Detrás de la serie producida por Cate Blanchett para denunciar los centros de detención de inmigrantes ilegales en Australia se encuentra la verdadera historia de Cornelia Rau.


Siguiendo la tendencia de grades actrices que producen series, Cate Blanchett decidió arriesgar por una historia basada en hechos reales que sucede en los campos de refugiados -casi una ironía llamarlos así, si no fuera una crueldad- de su Australia natal. Y se reserva para ella un papel breve pero de mucho peso en la trama, que no la favorece, y este es uno de los pocos puntos débiles de la ¿miniserie?

Tres historias se conectan de un modo que recuerda levemente a Babel (película en la que también intervino Blanchett) en la trama de este guión: la de una joven australiana acorralada en realidad y en su mente por una familia que desea el modelo perfecto de hija y decide huir de ellos y tomar prestada la identidad de una turista alemana (gran performamce de Yvonne Strzechowski ); un australiano de clase media, con poca cabeza y buenas intenciones que se convierte de la noche a la mañana en custodio de uno de estos tremendos sitios; y finalmente un padre y una hija que sobreviven a su familia en la huida desde algún pais que podria ser Irak.

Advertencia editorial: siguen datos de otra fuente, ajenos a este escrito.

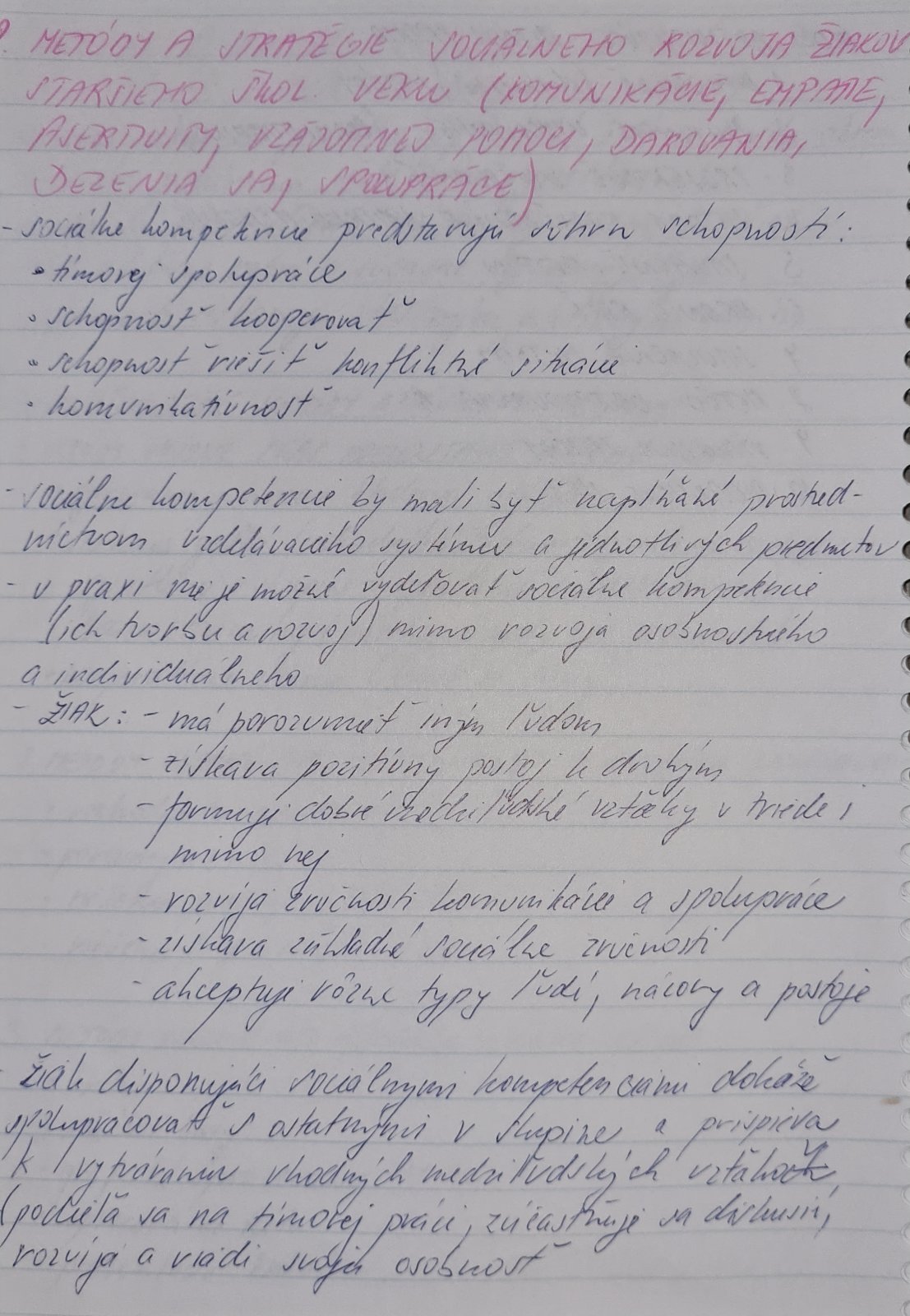9. Metódy a stratégie sociálneho rozvoj žiakov mladšieho školského veku (komunikácie, empatie, asertivity, vzájomnej pomoci, darovania, delenia sa, spolupráce)

Las vidas de estos desplazados, más o menos destrozadas, convergen en este centro, probablemente uno de los peores lugares posibles para el momento que pasa cada uno de ellos. Y lo que la miniserie pone de relieve es la manera en que insensiblemente todos, incluidos la directora del Departamento de Migraciones, la delegada a cargo de este infierno tan temido (aplausos para Asher Keddler, actriz australiana, estupenda en su composición de esta mujer que se debate entre el deber y la humanidad), y los guardiacárceles; van progresivamente deshumanizándose, convirtiéndose en números unos, y en rangos los otros, hasta dejar de tener nombre, hasta dejar de reconocerse en el espejo.

La próxima visita de una comisión de Derechos Humanos, esas que necesitan que los lugares estén prolijos y pintados, es la punta de mecha para que todas estas personas, frágiles en su brutalidad, inicien una cadena de crisis personales, humanitarias y profesionales que llevará toda la situación a extremos de los que es difícil, si no imposible, regresar.

La miniserie está rodada con un ritmo muy ágil, los conflictos personales que aparecen son interesantes y actuales, las actuaciones (excluyendo la sobreactuación caricaturesca de Blanchett al comienzo) son exactas. El final es lo suficientemente abierto como para que, dependiendo del éxito, tengamos un segunda temporada.